Each entry must be given again exactly; images do not belong in the copy.

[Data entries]
________________________________________

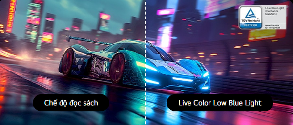 Công nghệ Live Color Low Blue Light đã đạt chứng nhận TÜV Rheinland, giúp giảm mỏi mắt khi chơi game lâu mà vẫn giữ được màu sắc tươi sáng, rực rỡ.
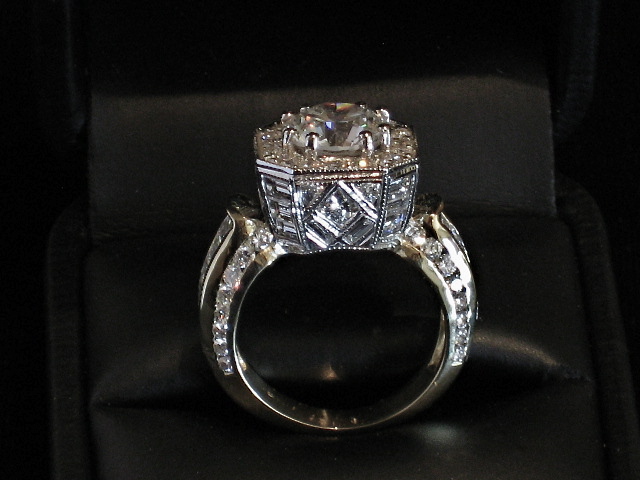 This Custom Remount featured a large 3 ct. center Diamond, then we added a vintage looking tapestry of smaller princess and baguette diamonds set on the sides, making this a real ‘stand out’ ring, with a one of a kind look and setting.
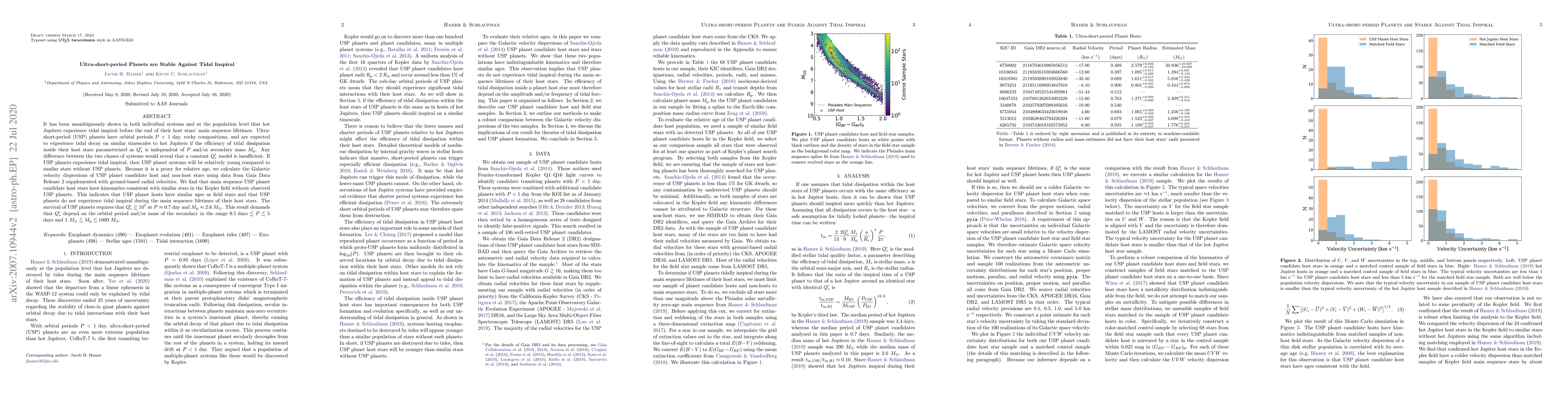 It has been unambiguously shown in both individual systems and at the population level that hot Jupiters experience tidal inspiral before the end of their host stars' main sequence lifetimes. Ultra-short-period (USP) planets have orbital periods $P < 1$ day, rocky compositions, and are expected to experience tidal decay on similar timescales to hot Jupiters if the efficiency of tidal dissipation inside their host stars parameterized as $Q_\ast'$ is independent of $P$ and/or secondary mass $M_{\mathrm{p}}$. Any difference between the two classes of systems would reveal that a constant $Q_\ast'$ model is insufficient. If USP planets experience tidal inspiral, then USP planet systems will be relatively young compared to similar stars without USP planets. Because it is a proxy for relative age, we calculate the Galactic velocity dispersions of USP planet candidate host and non-host stars using data from Gaia Data Release 2 supplemented with ground-based radial velocities. We find that main sequence USP planet candidate host stars have kinematics consistent with similar stars in the Kepler field without observed USP planets. This indicates that USP planet hosts have similar ages as field stars and that USP planets do not experience tidal inspiral during the main sequence lifetimes of their host stars. The survival of USP planets requires that $Q_\ast'\gtrsim10^7$ at $P\approx0.7$ day and $M_{\mathrm{p}}\approx2.6~M_{\oplus}$. This result demands that $Q_\ast'$ depend on the orbital period and/or mass of the secondary in the range $0.5\mathrm{~days}\lesssim P\lesssim5$ days and $1~M_{\oplus}\lesssim M_{\mathrm{p}}\lesssim1000~M_{\oplus}$.
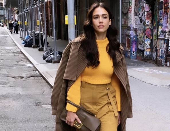Džesika je obukla široke pantalone i kratki džemper u dve različite nijanse žute, kaput, cipele i tašnu braon boje koja je vrlo popularna za ovu jesen. Posebnu pažnju privukle su cipele, koje nisu "fensi" i ženstvene već su najobičnije braon "cokule".
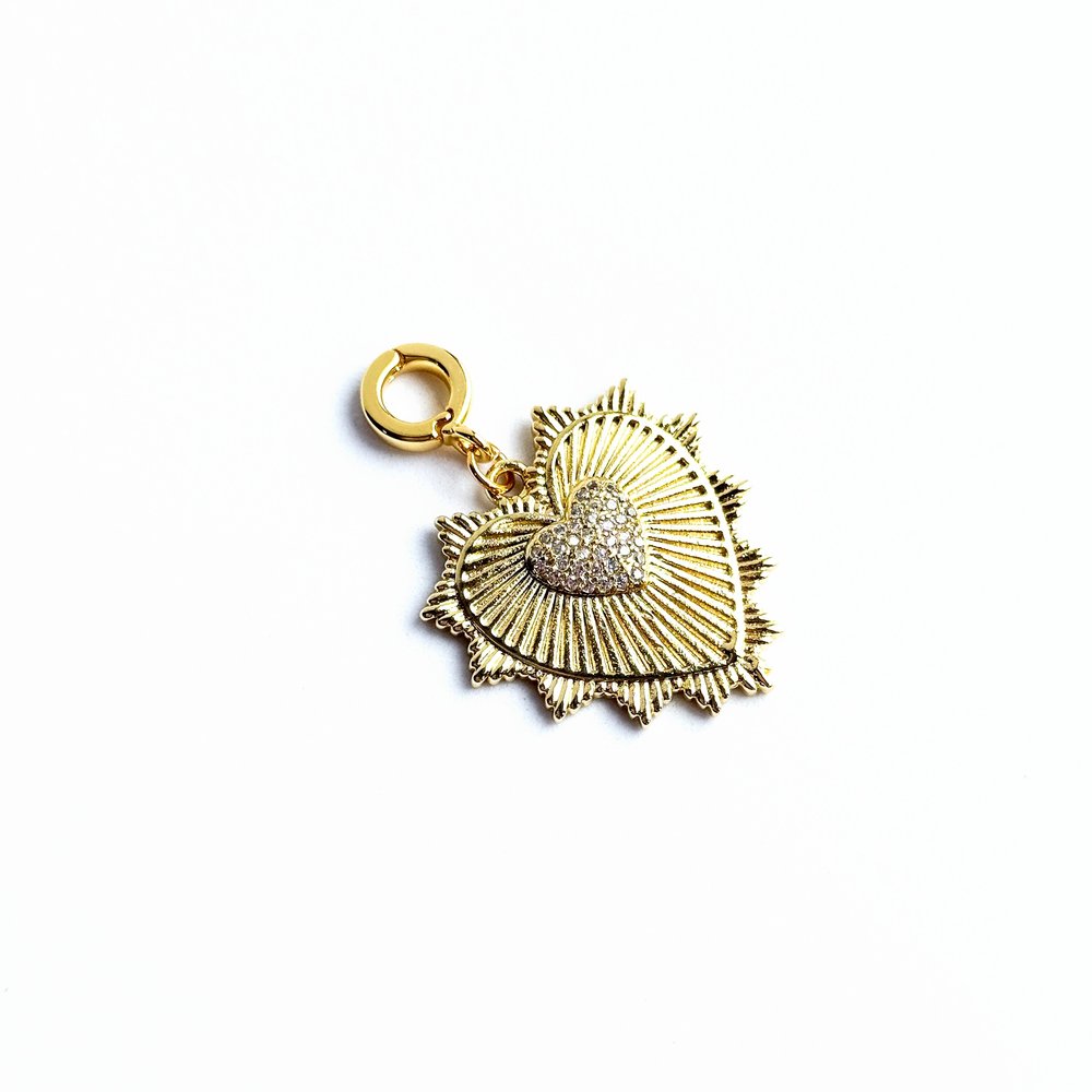Part of our Lock Charm Collection for The Build Your Own Jewelry Bar, the Pavé Heart Burst Lock Charm is a radiant gold-plated charm featuring a heart with delicate lines drawing into the center. At its core, a smaller heart is shaped by flush-set CZ stones. Representing love, passion, joy, courage and inner strength, this charm is a popular and fun motif that goes with any style and outfit!
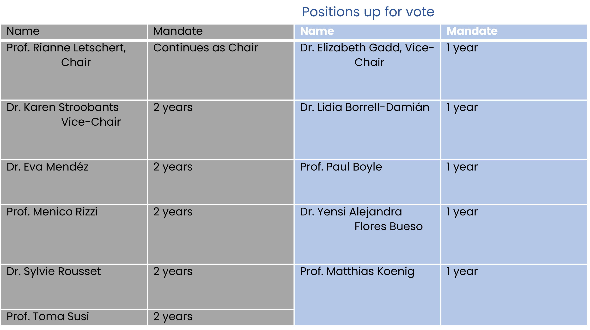Candidacies will be presented and voted upon during the General Assembly (voting window will open 16th November and be closed during the General Assembly Meeting on the 15th December). The duration of the position will start as of the announcement of the voting results.
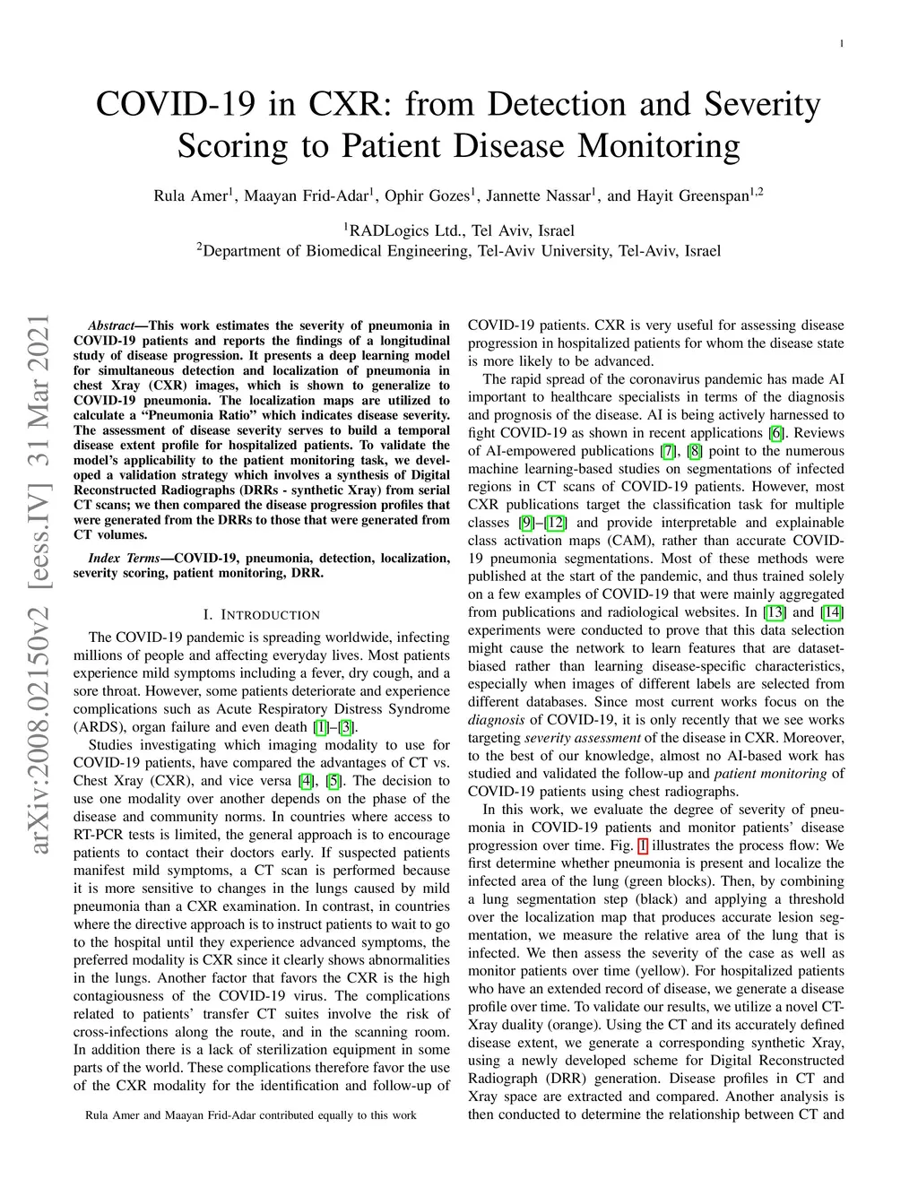 In this work, we estimate the severity of pneumonia in COVID-19 patients and conduct a longitudinal study of disease progression. To achieve this goal, we developed a deep learning model for simultaneous detection and segmentation of pneumonia in chest Xray (CXR) images and generalized to COVID-19 pneumonia. The segmentations were utilized to calculate a "Pneumonia Ratio" which indicates the disease severity. The measurement of disease severity enables to build a disease extent profile over time for hospitalized patients. To validate the model relevance to the patient monitoring task, we developed a validation strategy which involves a synthesis of Digital Reconstructed Radiographs (DRRs - synthetic Xray) from serial CT scans; we then compared the disease progression profiles that were generated from the DRRs to those that were generated from CT volumes.

________________________________________

Response to the task —
 Công nghệ Live Color Low Blue Light đã đạt chứng nhận TÜV Rheinland, giúp giảm mỏi mắt khi chơi game lâu mà vẫn giữ được màu sắc tươi sáng, rực rỡ.
 This Custom Remount featured a large 3 ct. center Diamond, then we added a vintage looking tapestry of smaller princess and baguette diamonds set on the sides, making this a real ‘stand out’ ring, with a one of a kind look and setting.
 It has been unambiguously shown in both individual systems and at the population level that hot Jupiters experience tidal inspiral before the end of their host stars' main sequence lifetimes. Ultra-short-period (USP) planets have orbital periods $P < 1$ day, rocky compositions, and are expected to experience tidal decay on similar timescales to hot Jupiters if the efficiency of tidal dissipation inside their host stars parameterized as $Q_\ast'$ is independent of $P$ and/or secondary mass $M_{\mathrm{p}}$. Any difference between the two classes of systems would reveal that a constant $Q_\ast'$ model is insufficient. If USP planets experience tidal inspiral, then USP planet systems will be relatively young compared to similar stars without USP planets. Because it is a proxy for relative age, we calculate the Galactic velocity dispersions of USP planet candidate host and non-host stars using data from Gaia Data Release 2 supplemented with ground-based radial velocities. We find that main sequence USP planet candidate host stars have kinematics consistent with similar stars in the Kepler field without observed USP planets. This indicates that USP planet hosts have similar ages as field stars and that USP planets do not experience tidal inspiral during the main sequence lifetimes of their host stars. The survival of USP planets requires that $Q_\ast'\gtrsim10^7$ at $P\approx0.7$ day and $M_{\mathrm{p}}\approx2.6~M_{\oplus}$. This result demands that $Q_\ast'$ depend on the orbital period and/or mass of the secondary in the range $0.5\mathrm{~days}\lesssim P\lesssim5$ days and $1~M_{\oplus}\lesssim M_{\mathrm{p}}\lesssim1000~M_{\oplus}$.
Džesika je obukla široke pantalone i kratki džemper u dve različite nijanse žute, kaput, cipele i tašnu braon boje koja je vrlo popularna za ovu jesen. Posebnu pažnju privukle su cipele, koje nisu "fensi" i ženstvene već su najobičnije braon "cokule".
Part of our Lock Charm Collection for The Build Your Own Jewelry Bar, the Pavé Heart Burst Lock Charm is a radiant gold-plated charm featuring a heart with delicate lines drawing into the center. At its core, a smaller heart is shaped by flush-set CZ stones. Representing love, passion, joy, courage and inner strength, this charm is a popular and fun motif that goes with any style and outfit!
Candidacies will be presented and voted upon during the General Assembly (voting window will open 16th November and be closed during the General Assembly Meeting on the 15th December). The duration of the position will start as of the announcement of the voting results.
 In this work, we estimate the severity of pneumonia in COVID-19 patients and conduct a longitudinal study of disease progression. To achieve this goal, we developed a deep learning model for simultaneous detection and segmentation of pneumonia in chest Xray (CXR) images and generalized to COVID-19 pneumonia. The segmentations were utilized to calculate a "Pneumonia Ratio" which indicates the disease severity. The measurement of disease severity enables to build a disease extent profile over time for hospitalized patients. To validate the model relevance to the patient monitoring task, we developed a validation strategy which involves a synthesis of Digital Reconstructed Radiographs (DRRs - synthetic Xray) from serial CT scans; we then compared the disease progression profiles that were generated from the DRRs to those that were generated from CT volumes.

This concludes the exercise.